Dr. Bayan Nuwayhed al Hout -- author of "Sabra and Shatila: September 1982" told this observer: "I'm positive that dozens of people were buried there with the help of bulldozers. The bulldozers were used to get rid of the dead bodies."
Author Al Hout is referring to the fact that Israel supplied bulldozers, paid for by my American taxpayers, to their allies, the right wing Christian militia that committed the slaughter with Israeli facilitation. On Saturday morning, September 18, 1982 Israeli Mossad agents inside the camp actually were observed driving three of the bulldozers in a frantic attempt to assist the Lebanese Forces militia (now headed by March 14 key figure Samir Geagea) in covering up evidence of the crime before the exported international media arrived on the scene.
The late American journalist, Janet Lee Stevens, documented that during Sept. 18 and 19th, most of the massacre victims killed during this period were slaughtered inside the joint Israeli-Lebanese Forces “interrogation center.”
Janet testified that these killed were put in flatbed trucks and taken to the Golf Course, just 300 yards away, where waiting Israeli bulldozers dug pits. Other trucks drove in the direction of East Beirut.

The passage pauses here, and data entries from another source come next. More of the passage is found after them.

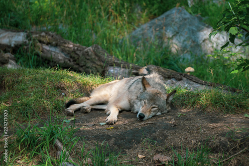 Naklejka premium Wolf napping in the forest
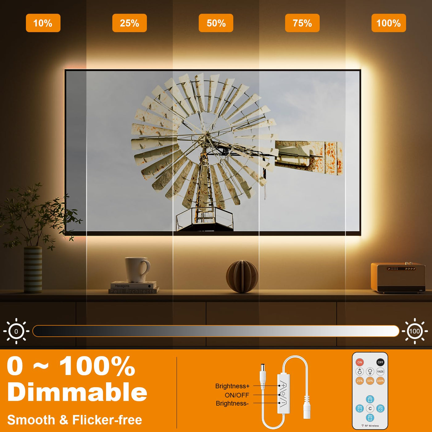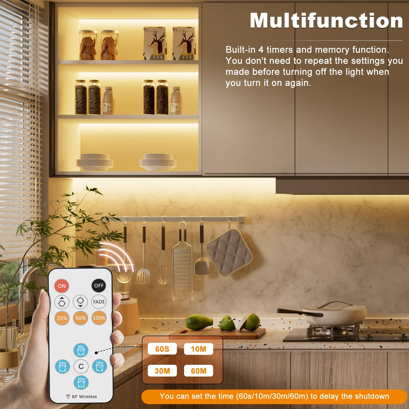 Q: How do I control the brightness of the PAUTIX COB LED Strip Light?A: You can easily control the brightness of the PAUTIX COB LED Strip Light using the included RF remote control, which offers three dimming levels: 25%, 50%, and 100%. This allows you to adjust the lighting to suit different scenarios and preferences.
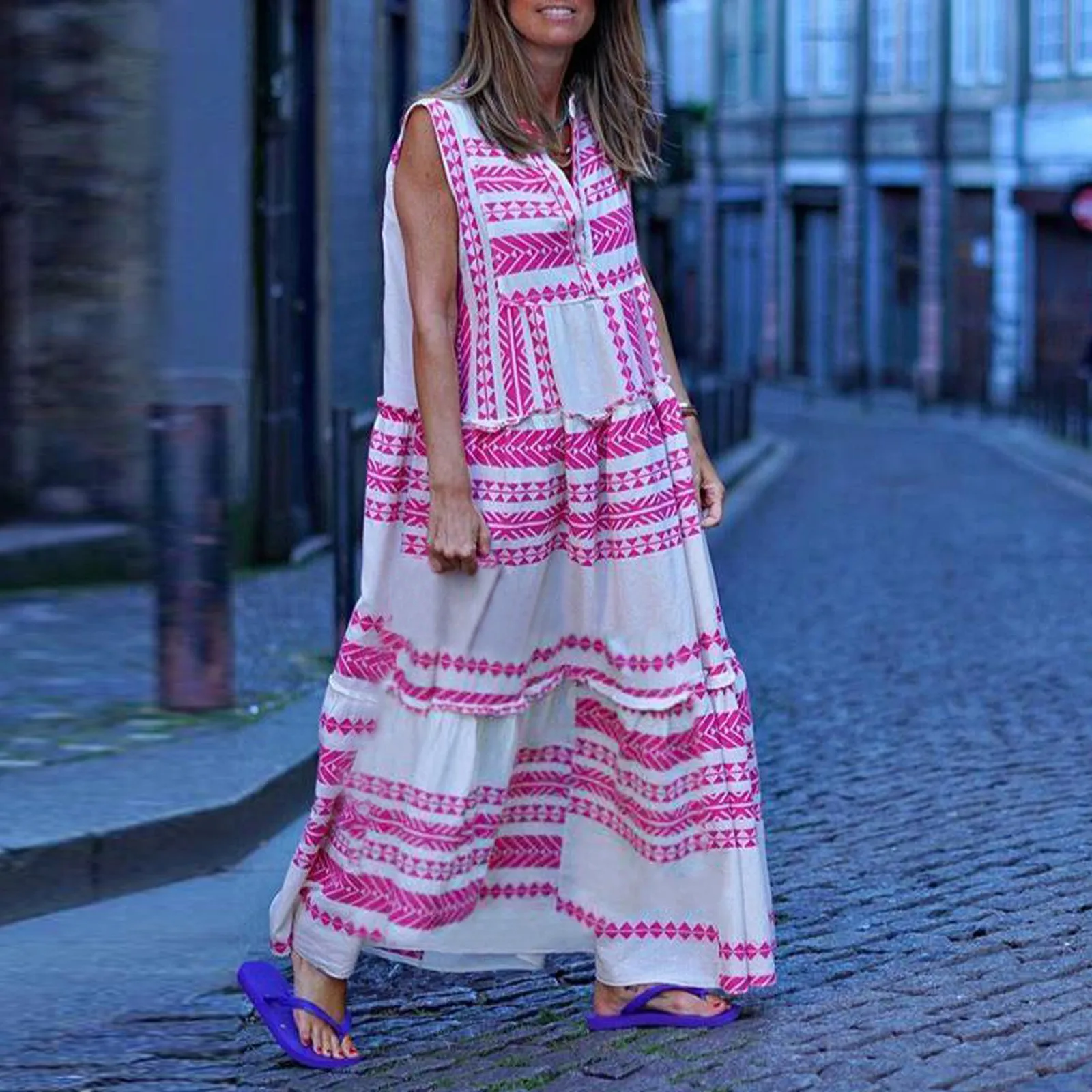 Летнее повседневное пляжное длинное платье в богемном стиле, женское свободное темпераментное платье макси на шнуровке с волнистым вырезом, плиссированное платье Holdiay Vestidos
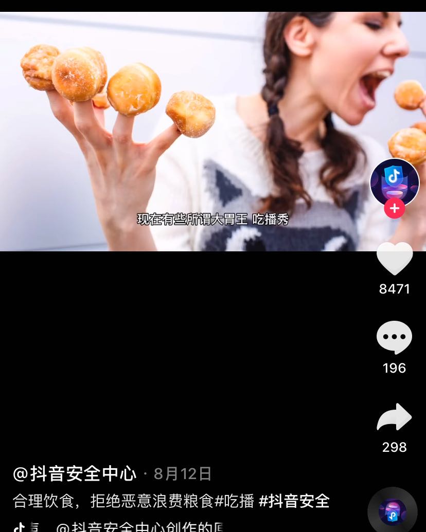 此前,斗鱼、快手、抖音等多家平台表示加强对美食类内容的审核。在快手中搜索“吃播”时会看到“爱惜粮食,合理饮食”的提示字样;在抖音中搜索“吃播”不仅展示了“珍惜粮食,拒绝浪费,合理饮食,健康生活”的提示语,与“吃播”相关的话题也被清空。
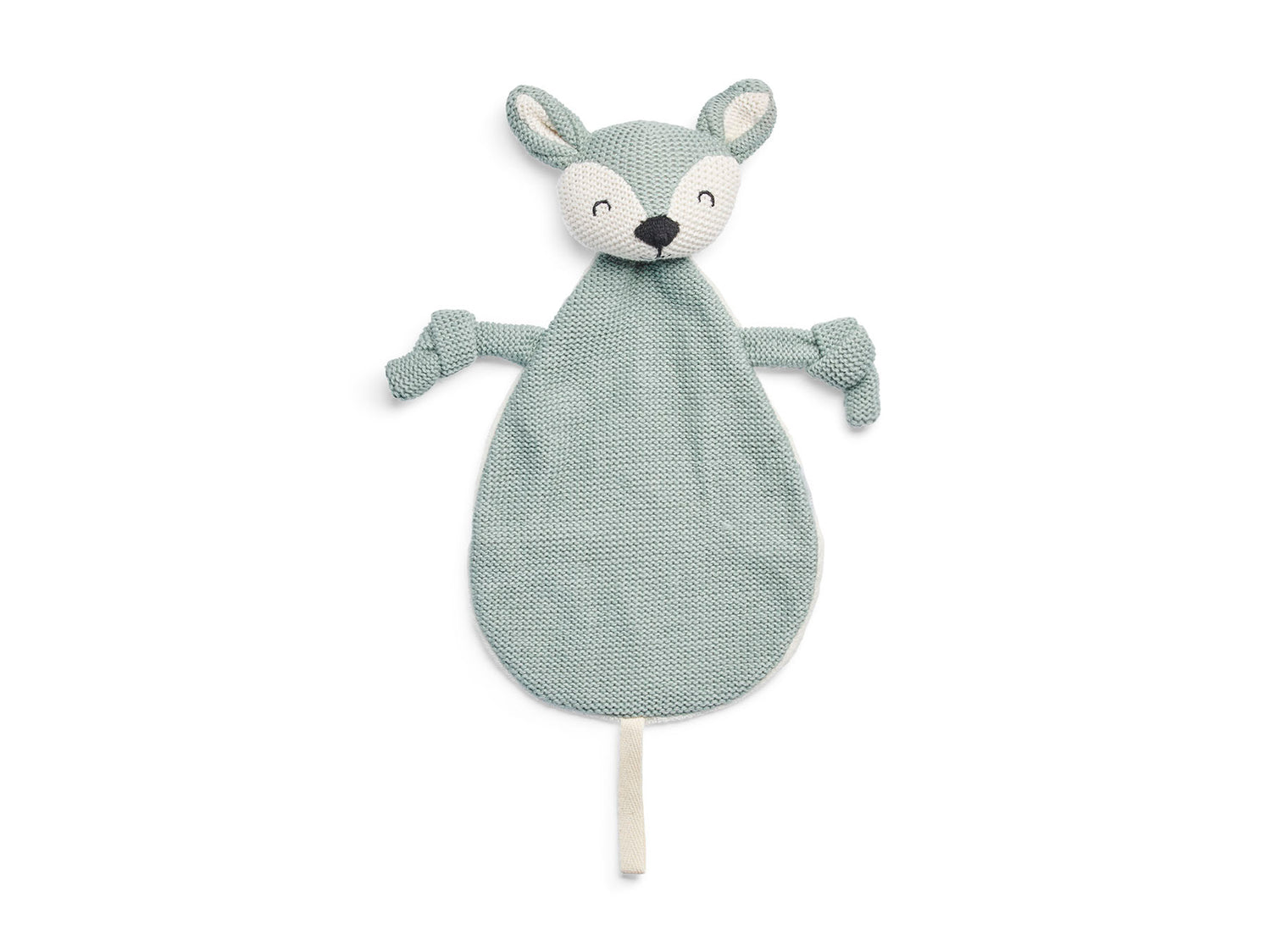 Nice cuddle cloth with a deer. The knitted cuddle cloth is available in the colours green and pink. The soft cuddle cloth is made of 100% cotton and the back is made of terry. The cuddle cloth is 20 cm in size.
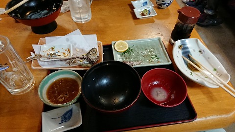 18:26 注文は 特許を取得した”のっぽなかき揚げ丼”で有名なお店ですが、注文は別のもの。 頼んだのは、真いわし御膳。 (昨晩、豪華フレンチを食べたので、地味な真いわしにしたのはナイショの話)(笑) 夕食なのでビールを飲む。 真いわし御膳には、イワシの刺身、天ぷら、塩焼きの3種の方法で調理されたイワシが供されます。 ※ ご飯が黄色っぽく写っているのは、気のせいです。 |
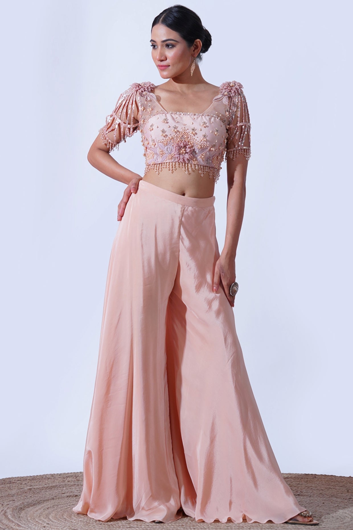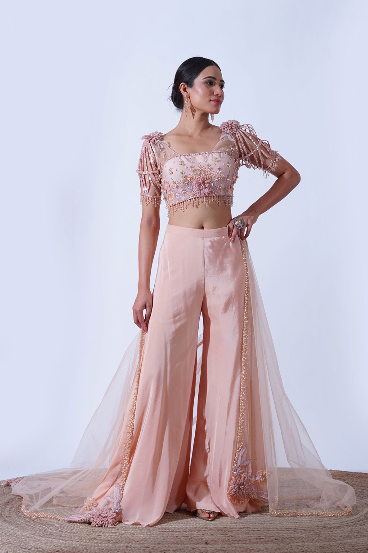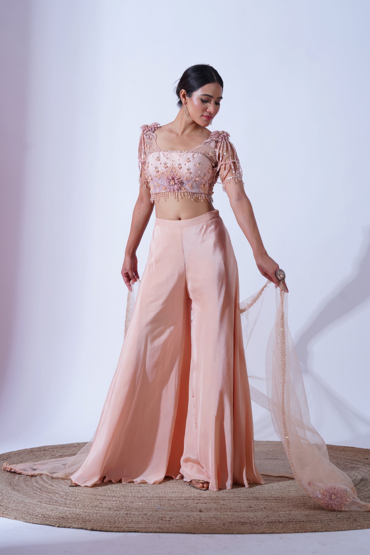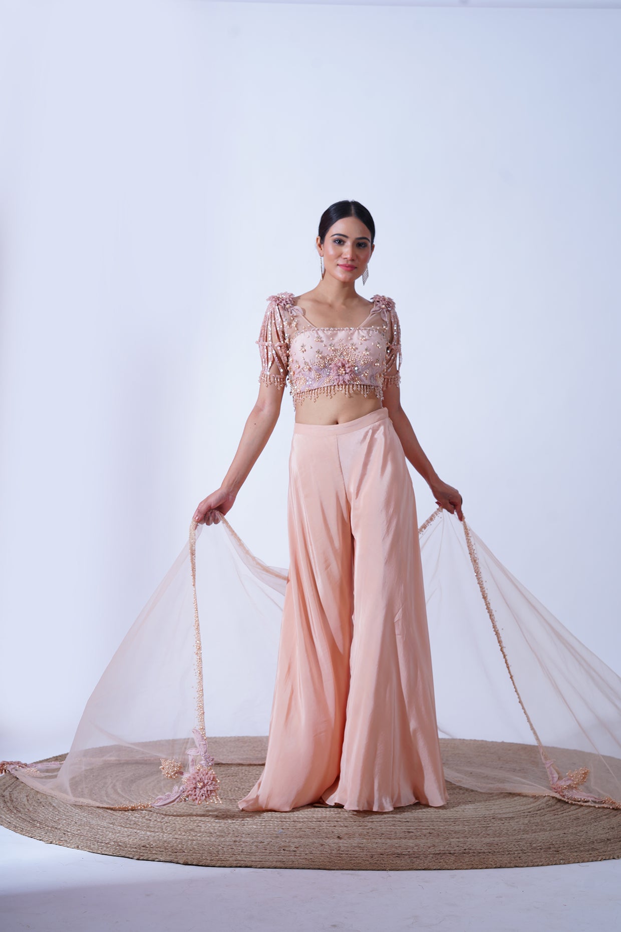 Embrace grace and sophistication with our Peach Crape Palazzo set, featuring a delicately embroidered blouse adorned with pearls and organza 3D flowers. Paired seamlessly with a border-embroidered tulle dupatta, this ensemble exudes timeless charm. Elevate your wardrobe with this ethereal combination, perfect for making a statement at any occasion.

At the time of her death, seven months later, Janet was preparing her report for publication.
This observer packed Janet’s belongings and after some wrangling with the US Embassy staff who had arrived on the plane President Ronald Reagan sent to return Janet and the other Americans remains to the US, her two cardboard boxes of papers and research notes were onboard.
Unfortunately, but understandably, a family member, who I was advised did not understand Janet’s work in Lebanon, discarded her papers, following Janet’s funeral in Atlanta Georgia and before they could be collected by the University of Pennsylvania for analysis and preservation.
So we are deprived of most of Janet’s data on the missing Palestinians which confirmed the fate of several hundred who disappeared during the massacre. Fortunately, in February of 1983 Janet had forwarded some of her conclusions to friends and for publication.
What needs to be done to locate the missing Palestinians and Lebanese?
A serious and sustained effort to locate the disappeared Palestinians and Lebanese and bring some degree of solace and closure to their families should be undertaken without further delay.
These Palestinian and Lebanese families have no idea if their loved ones are dead or alive. Obviously they are unable to organize a dignified burial or even properly grieve. Families of the disappeared suffer from a series of legal, financial, and administrative problems that result from not knowing what became of their missing loved ones.
A recent Amnesty International study of Lebanon’s problems on this urgent subject included the experience of Wadad Halawani, the founder of the Committee of the families of the Kidnapped and missing in Lebanon. Wadad described her life after her husband was taken away from their home in Beirut in September 1982, apparently by agents of Lebanese military Intelligence, the Duexsieme Bureau (also controlled by right wing militia leaders). Wadad was forced to raise her two young children, aged six and three alone following his disappearance, and she described how she “lost her balance in life.” She did not know “how to protect the children from the rockets” and was “lost for answers to their endless questions” about their father for which she had no replies.
From knowing many families of missing husbands, Wadad outlined the problems faced by them, personal, social, legal, administrative, and economic.
On the personal and social level, she explained that a Palestinian or any woman in Lebanon, whose husband is missing is neither a married woman nor single, divorced or a widow, and for all that time she will have faced serious problems and obstacles linked to the low status of women.
On the legal and administrative level, she explained that “a woman cannot spend her husband’s money nor dispose of his property, such as selling his car, as she does not have power of attorney allowing her to do so. Nor can she get a passport for herself, nor for her children if they are under 18 as the guardian required the father even though the mother is raising the children. On the economic level, Wadad told Amnesty International that most of the missing people are from poor families, so the loss of the breadwinner has had devastating impact. In many cases, the families have been unable to cover basic daily needs, including food, clothing, housing, medical care and the costs of education.
The families of missing and disappeared Palestinians and other persons have the right, under international law, to the truth which means a full and complete disclosure about events that transpired during the disappearance of their loved ones.
In March 2010, the UN High Commissioner for Human Rights reported that this includes the right to know the exact fate and whereabouts of each victim.
International law and human rights standards also require each party to an armed conflict must take all feasible measures to try and account for people reported missing as a result of the conflict, and release all relevant information concerning their fate or whereabouts.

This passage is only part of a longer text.